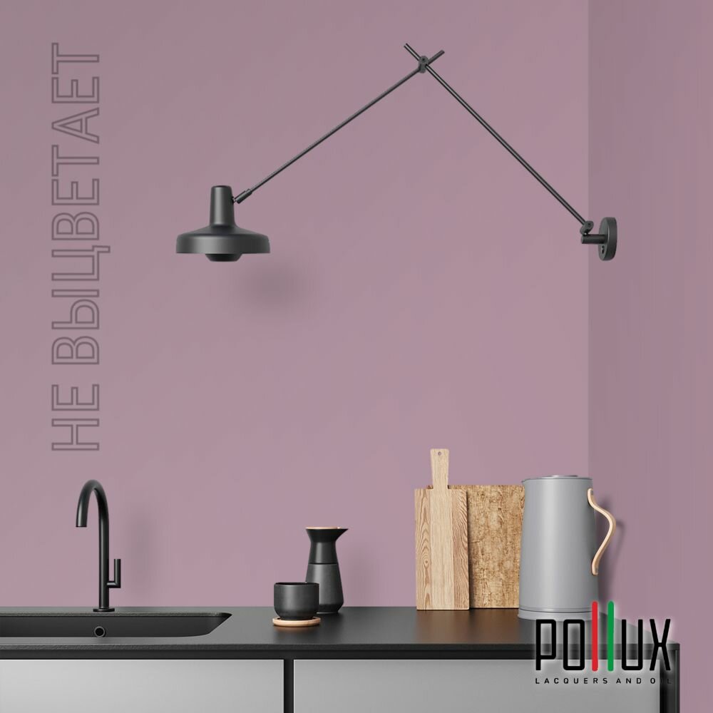 Краска моющаяся интерьерная для стен и потолков, Pollux INTERIOR без запаха, быстросохнущая, акриловая, матовое покрытие, цвет NCS S 0530-R30B, 1л.
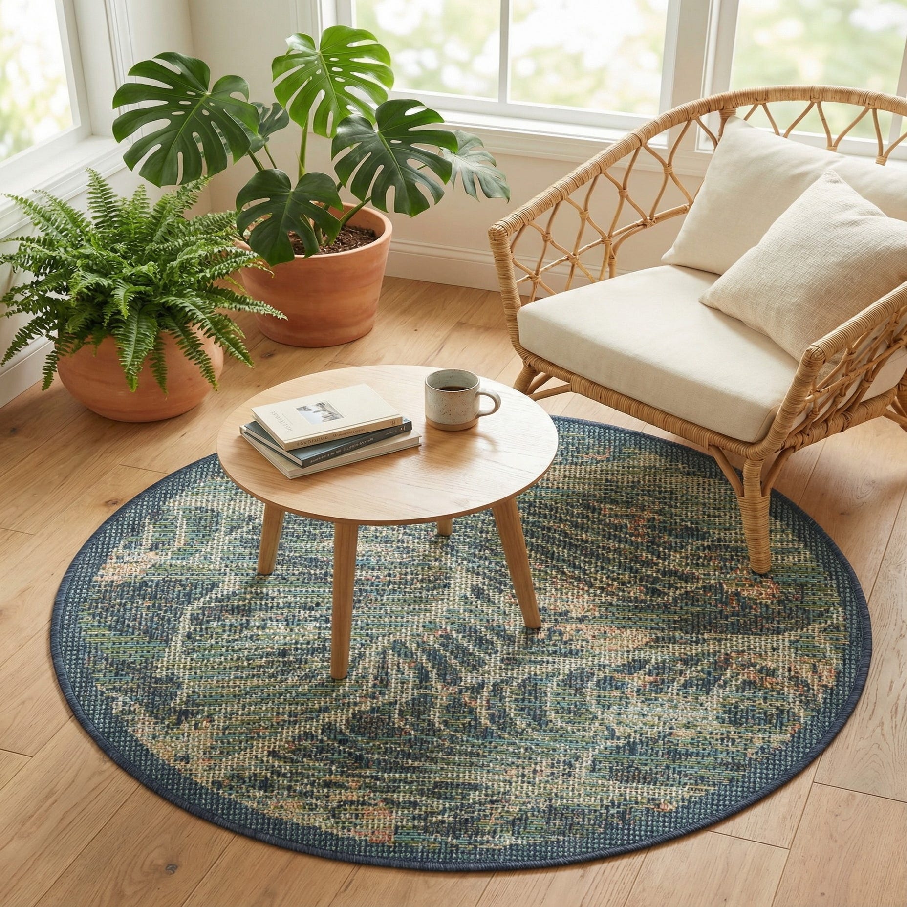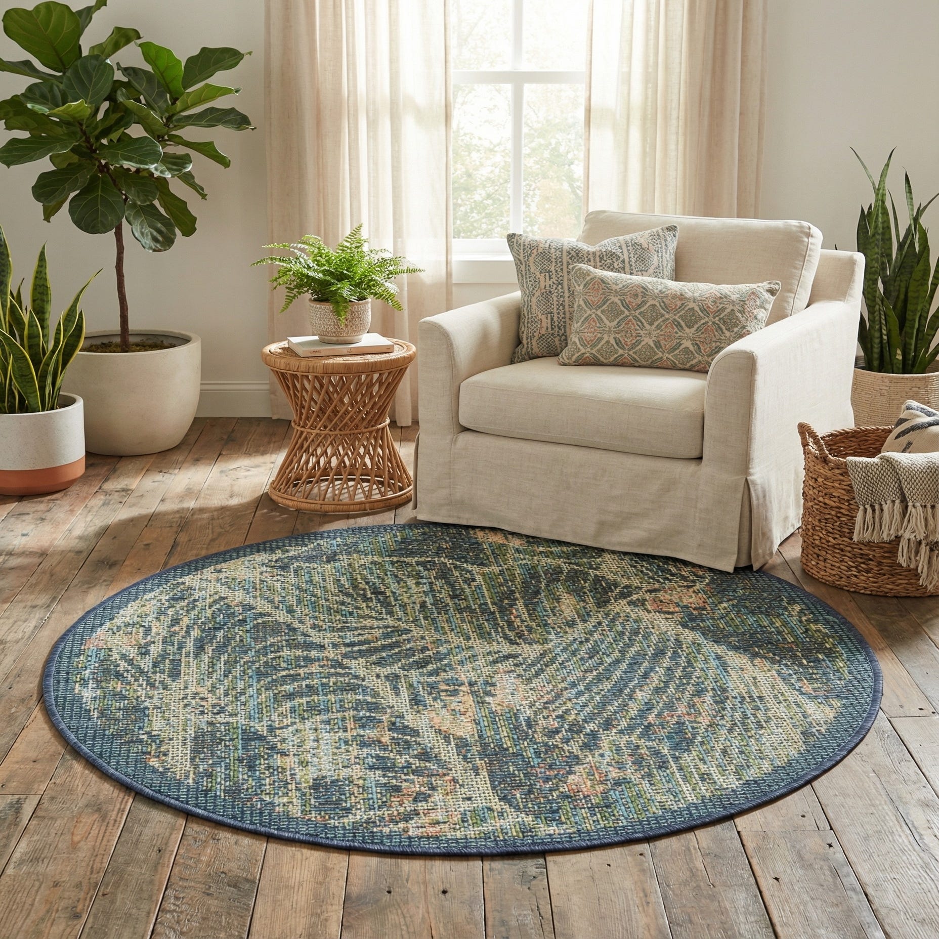 3' 3 x 3' 3 Washable Baja Indoor / Outdoor Round Rug
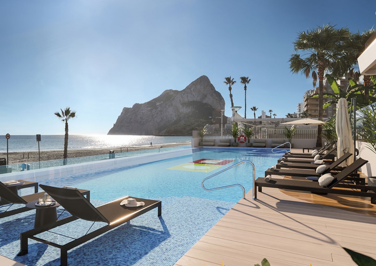 Azure Icons by TM está ubicado en primera línea de la playa de La Fossa en Calpe, con dos accesos peatonales, uno por la Avenida Juan Carlos I y otro desde el mismo paseo marítimo de la playa de La Fossa. La urbanización está compuesta por un total de 72 viviendas con apartamentos de 1, 2 y 3 dormitorios y áticos dúplex con solárium de 3 dormitorios. Las zonas comunes están compuestas por piscina de adultos climatizable infinity con vistas al mar, piscina infantil climatizable, jacuzzis climatizables, playa piscina con zona de duchas, tumbonas y sombrillas, gimnasio panorámico con vistas al mar, sauna, área de juegos infantiles y zona de ejercicios al aire libre.
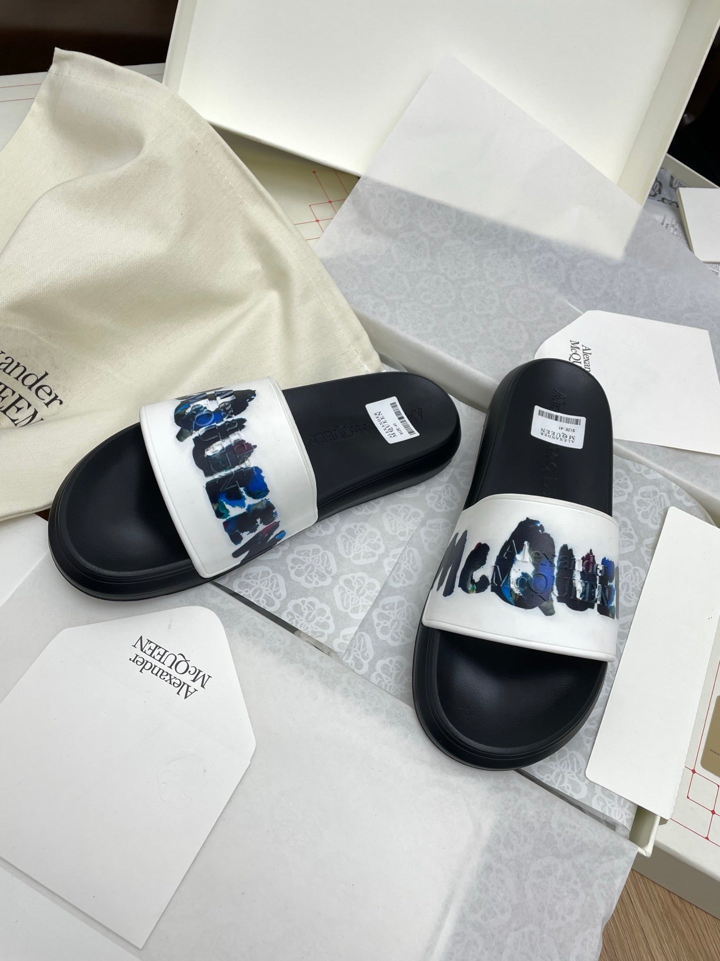 SLIDES SANDAL IN BLACK TPU WHITE STRAP WITH 3D LOGO

• Your task:
Print the listing exactly, minus any pictures.

• Output of the exercise:
 Краска моющаяся интерьерная для стен и потолков, Pollux INTERIOR без запаха, быстросохнущая, акриловая, матовое покрытие, цвет NCS S 0530-R30B, 1л.
 3' 3 x 3' 3 Washable Baja Indoor / Outdoor Round Rug
 Azure Icons by TM está ubicado en primera línea de la playa de La Fossa en Calpe, con dos accesos peatonales, uno por la Avenida Juan Carlos I y otro desde el mismo paseo marítimo de la playa de La Fossa. La urbanización está compuesta por un total de 72 viviendas con apartamentos de 1, 2 y 3 dormitorios y áticos dúplex con solárium de 3 dormitorios. Las zonas comunes están compuestas por piscina de adultos climatizable infinity con vistas al mar, piscina infantil climatizable, jacuzzis climatizables, playa piscina con zona de duchas, tumbonas y sombrillas, gimnasio panorámico con vistas al mar, sauna, área de juegos infantiles y zona de ejercicios al aire libre.
 SLIDES SANDAL IN BLACK TPU WHITE STRAP WITH 3D LOGO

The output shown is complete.